PULSE: A Unified Multi-Task Architecture for Cardiac Segmentation, Diagnosis, and Few-Shot Cross-Modality Clinical Adaptation
This addresses the problem of fragmented cardiac analysis pipelines for medical imaging researchers and clinicians, representing a significant step toward a scalable foundation-style framework rather than an incremental improvement.
The paper tackles the fragmentation in cardiac image analysis by introducing PULSE, a unified multi-task architecture that handles anatomical segmentation, disease classification, and clinical report generation within a single framework, achieving robust generalization across datasets and modalities with minimal supervision.
Cardiac image analysis remains fragmented across tasks: anatomical segmentation, disease classification, and grounded clinical report generation are typically handled by separate networks trained under different data regimes. No existing framework unifies these objectives within a single architecture while retaining generalization across imaging modalities and datasets. We introduce PULSE, a multi-task vision-language framework built on self-supervised representations and optimized through a composite supervision strategy that balances region overlap learning, pixel wise classification fidelity, and boundary aware IoU refinement.

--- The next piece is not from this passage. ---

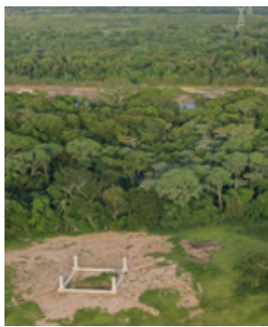
Sitio de construcción - Línea de transmisión

De acuerdo a ENDE TRANSMISIÓN S.A., el proyecto tiene un avance físico del 54,68 % y se prevé su entrada en operación para el mes de agosto de 2024. Actualmente la empresa trabaja en la liberación de servidumbres de paso de línea en un 37% de sitios de torre que

A multi-scale token reconstruction decoder enables anatomical segmentation, while shared global representations support disease classification and clinically grounded text output allowing the model to transition from pixels to structures and finally clinical reasoning within one architecture. Unlike prior task-specific pipelines, PULSE learns task-invariant cardiac priors, generalizes robustly across datasets, and can be adapted to new imaging modalities with minimal supervision. This moves the field closer to a scalable, foundation style cardiac analysis framework.